2 Materials and methods

2.1 Study subjects

From February 2021 to April 2023, we conducted a prospective study enrolling mUC patients treated with avelumab in two Italian centers. The study was conducted following the ethical principles of the Declaration of Helsinki. Patients were eligible in case of 1) histologically confirmed unresectable locally advanced or metastatic UC; 2) candidates for first-line maintenance with avelumab; 3) at least one measurable lesion at baseline radiological evaluations (computed tomography [CT] scan or magnetic resonance imaging [MRI]); 4) 18 years of age or older; 5) able to sign an informed consent. Patients not eligible for ICIs or treated with ICIs in the adjuvant setting were excluded. The included subject would have been treated with avelumab per clinical practice until progression or unacceptable toxicity occurrence and followed up for 12 months after progression or until death.

2.2 Plasma protein detection assay

Plasma samples from included patients were collected prospectively at baseline (1-7 days before avelumab start) in Ethylenediamine tetraacetic acid (EDTA) vacutainer tubes (around 10 mL blood) and processed within 3 hours of collection. Clarified plasma samples were subsequently stored at -80°C.
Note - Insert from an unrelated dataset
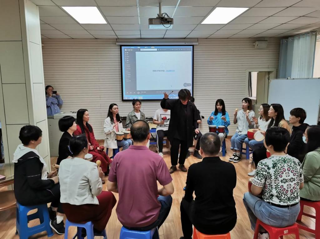 会后,考察团实地考察了音乐治疗专业实践教学基地,并现场观摩、亲身参与体验鼓圈表演和特殊儿童音乐治疗展示课。

Protein detection was performed with Luminex xMAP technology using the bead-based R&D human cytokine assay according to the manufacturer’s instructions. We chose a panel of 25 cytokines involved in regulating the identity and function of T-cells and other elements within the TME (22, 23). All samples were analyzed for IL-1β, IL-2, IL-4, IL-5, IL-6, IL-7, IL-8, IL-10, IL-15, IL-17, IL-12/p70, IL-1 Receptor antagonist (IL-1RA), eotaxin/chemokine-(C-C motif)-ligand-11 (CCL-11), granulocyte-colony stimulating factor (G-CSF), granulocyte-macrophage colony-stimulating factor (GM-CSF), interferon (IFN)-γ, monocyte chemotactic protein 1 (MCP-1)/CCL-2, macrophage inflammatory protein 1α (MIP-1α)/CCL-3, MIP-1β/CCL-4, RANTES/CCL-5, chemokine interferon-γ inducible protein 10 (CXCL10), vascular endothelial growth factor (VEGF), platelet-derived growth factor (PDGF), Fibroblast growth factor-2 (FGF2) and tumor necrosis factor (TNF)-α. Plasma samples were centrifuged at 10,000 g at 4°C for 10 minutes, diluted four-fold, and run in duplicate. A minimum of 50 beads per analyte was acquired. Median fluorescence intensities were collected on a Luminex-200 system (Luminex, Bio-Rad) using Bio-Plex Manager software version 6.1 (Bio-Rad). Standard curves for each cytokine were generated using the premixed lyophilized standards provided in the kits. Serial 4-fold dilutions of the standards were run. Cytokine concentrations in samples were determined from the standard curve using a 5-point regression to transform mean fluorescence intensities into concentrations. Each sample was run in duplicate, and the average of the duplicates was used as the measured concentration.

2.3 Examined laboratory values

Neutrophil-, lymphocyte-, monocyte-, and platelet counts were recorded from laboratory values before the first cycle of avelumab (range 1-7 days). We subsequently calculated the following indexes:

- Neutrophil-to-lymphocyte ratio (NLR): absolute neutrophil count divided by absolute lymphocyte count;

- Platelet-to-lymphocyte ratio (PLR): absolute platelet count divided by absolute lymphocyte count;

- Lymphocyte-to-monocyte ratio (LMR): absolute lymphocyte count divided by absolute monocyte count;

- Systemic-inflammation-index (SII): absolute platelet count multiplied per NLR.

2.4 Clinical outcomes

Response to avelumab was based on radiological evaluation, using the Immune-Response Evaluation Criteria in Solid Tumors (iRECIST) criteria. The radiological evaluations were performed at baseline and every 12 weeks (± 4 weeks).

Patients were classified as responders (Rs) in case of detection of complete response (CR), partial response (PR), or stable disease (SD) at the first evaluation. Patients were defined as not-responders (N-Rs) in case of progressive disease (PD). Patients with a clinical progression or death before a radiological evaluation was possible were defined as N-Rs. In case of suspected pseudo-progression, a second CT scan would have been performed after at least four weeks.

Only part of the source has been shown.